Oct 7, 2009

You know how when your blood sugars are high it affects chemicals in the brain? You didn't? Oh--it does if you are low too, just so you know.

I have been battling high blood sugars just because I want to eat all the time but I don't want to check my blood or take insulin. I have been battling the urge to sleep all day long.

This is bad because I homeschool and I have my kids at home all day. So glad for TV on those days I feel like I did today and the last couple of days. Usually we never turn the darn thing on because of the time waster it is. Then there are the high days and the low days and the brain roller-coaster rides that ensue.

When I am high I just want to sleep. Not that I am particularly tired or anything, I just am so sleepy and depressed. Nothing feels better than passing into oblivion of sleep to get away from life for awhile.

But you can only sleep for so long you say...I know that and therefore I wake up to my daughter answering the phone and screening the call for me from one of my friends who has diabetes. Actually she is the only friend I have a phone number for and who has my phone number that has diabetes. I was glad she called and mad my daughter had screened the call instead of finding out who it was and then checking with me to see if I wanted to talk. My BG was 329.

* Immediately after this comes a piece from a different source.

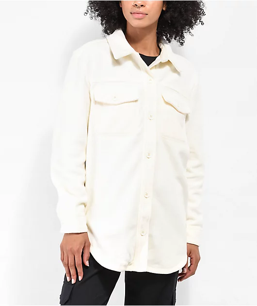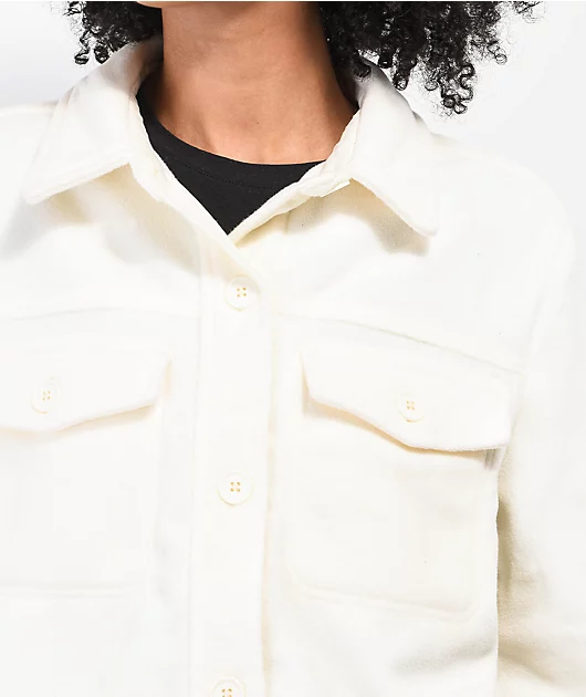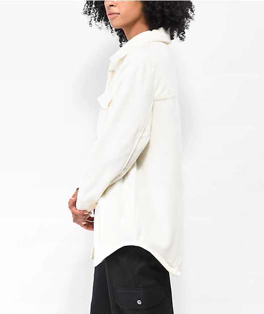 The Finley tech fleece from Empyre comes in a creamy white fleece construction, with a classic button up design. Coming in a slightly oversize silhouette, the ultra soft jacket has a fold over collar, a lined interior, dual chest pockets, and a rounded bo

I took insulin and called her back and got the good news. She got her pump and is training....great. I am still depressed. I haven't cooked for days, cleaned the kitchen ( I can't cook until the kitchen is clean) so the vicious cycle goes on and on and on.....

I just want things to happen--good things, great things, life changeing things.

I also know they won't unless I get off my butt and do something about them--take care of business today to enjoy the harvest tomorrow.

The harvest of realizing that I have taken care of myself all these years so I don't have to deal with my greatest fears: Losing limbs, sensations in my fingers and toes, kidney function which causes a loss of time due to dialysis.

I wish I had a forum to discuss my low--depression--just get it out of my head so I think of solutions to my problems instead of wallow in the downer thoughts. I guess I have this forum, is anyone even listening? OR do I actually have to hear the sound of my voice screaming out the words and putting them on the canvas of the world for all to see?

And still time marches on and I have to take care of my greatest assets. They need to be put to bed.

1 comment:

Heather Griffith Brewer said...

I can't comprehend the diabetes thing, but I can relate to the depression. Many times I have crawled back in bed, so grateful that the kids were at school. It hasn't been as bad this last year, but for a while there it was miserable.
I'm sorry you're not doing well. Let me know if there's anything I can do to cheer you up.